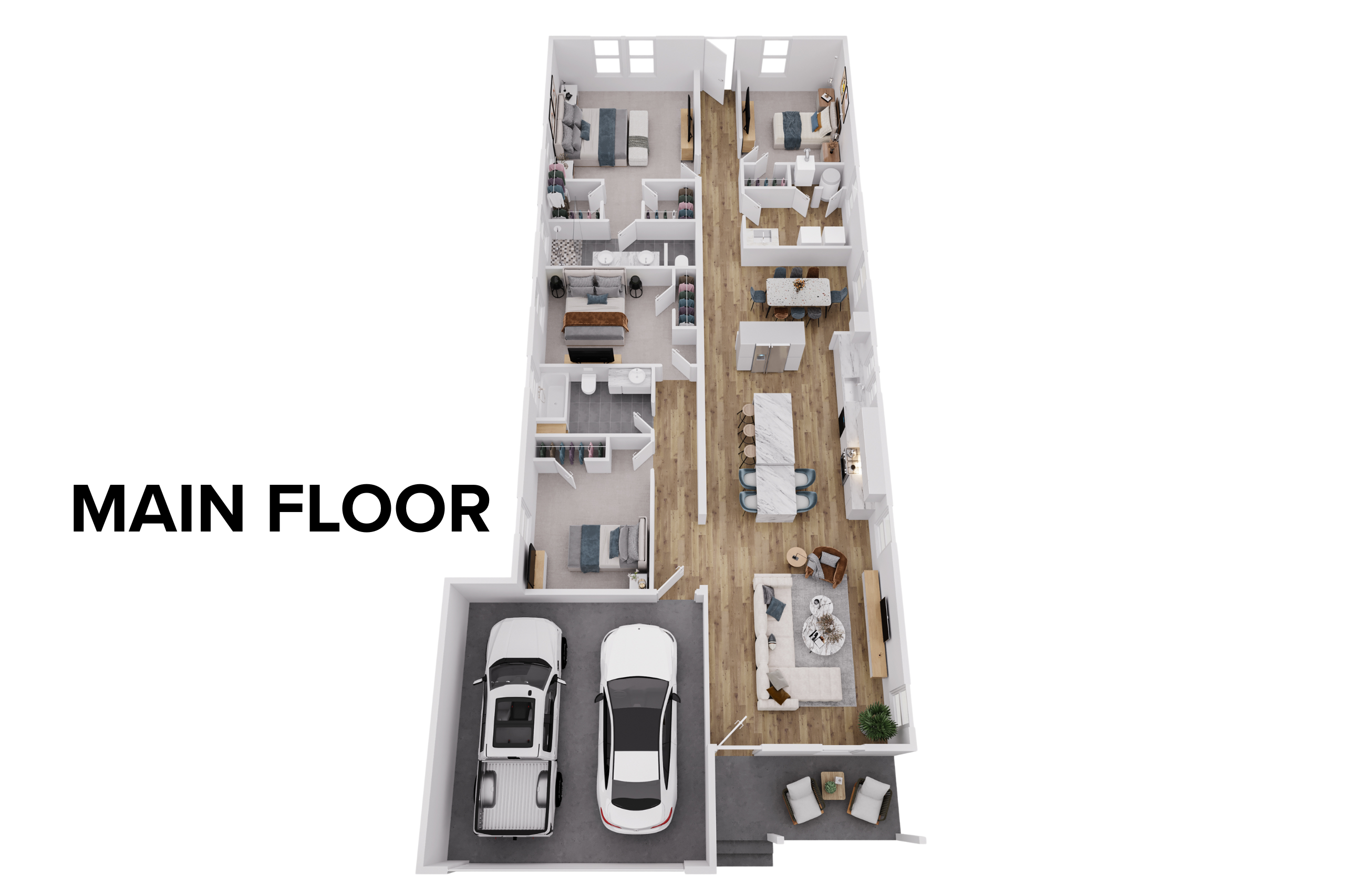 At the heart of the Acacia is an open-concept layout that seamlessly connects the kitchen, dining area, and great room, creating a welcoming space for everyday routines and casual entertaining. The first-floor primary suite is privately positioned, offering a relaxing retreat with convenient access to the main living areas. Three additional bedrooms provide flexibility for children, guests, or a home office, allowing the home to adapt easily as family needs change.
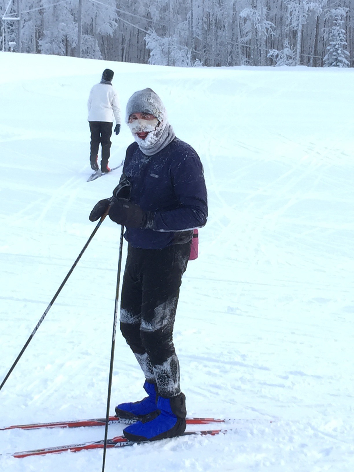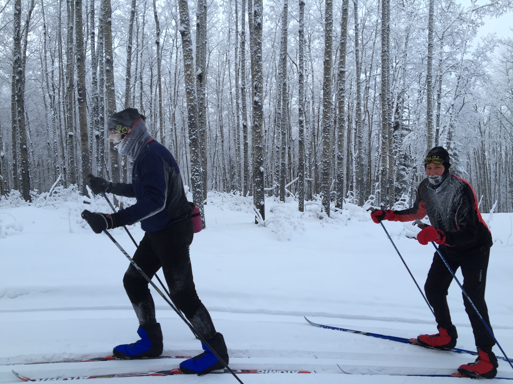 Winter weather finally arrived in Fairbanks, but thanks to the elevation of the Birch Hill Recreation Area, temperatures today were roughly 20 degrees warmer than the official airport temperature hovering around -20 deg F. Unfortunately, Friday night winds in excess of 25 mph toppled leaves, twigs, and birch seed onto the trails, and the classical tracks as the lowest depression in the trail surface collected the most debris. Several of the SCUM (Sonot Kkaazoot organizers) had attempted to ski at Birch Hill on Saturday and commented that it was more like hiking on skis.
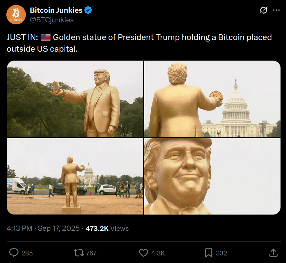 And yes, on a related note, there was a 12-foot golden statue of former President Donald Trump holding a Bitcoin, unveiled on the National Mall near the Capitol just before the decision. Some view this as a positive signal that one of the world's most powerful nations continues to push toward a pro-crypto, mass adoption society.

EXERCISE - Reproduce the preceding material exactly, skipping pictures.

RESPONSE -
 At the heart of the Acacia is an open-concept layout that seamlessly connects the kitchen, dining area, and great room, creating a welcoming space for everyday routines and casual entertaining. The first-floor primary suite is privately positioned, offering a relaxing retreat with convenient access to the main living areas. Three additional bedrooms provide flexibility for children, guests, or a home office, allowing the home to adapt easily as family needs change.
 Winter weather finally arrived in Fairbanks, but thanks to the elevation of the Birch Hill Recreation Area, temperatures today were roughly 20 degrees warmer than the official airport temperature hovering around -20 deg F. Unfortunately, Friday night winds in excess of 25 mph toppled leaves, twigs, and birch seed onto the trails, and the classical tracks as the lowest depression in the trail surface collected the most debris. Several of the SCUM (Sonot Kkaazoot organizers) had attempted to ski at Birch Hill on Saturday and commented that it was more like hiking on skis.
 And yes, on a related note, there was a 12-foot golden statue of former President Donald Trump holding a Bitcoin, unveiled on the National Mall near the Capitol just before the decision. Some view this as a positive signal that one of the world's most powerful nations continues to push toward a pro-crypto, mass adoption society.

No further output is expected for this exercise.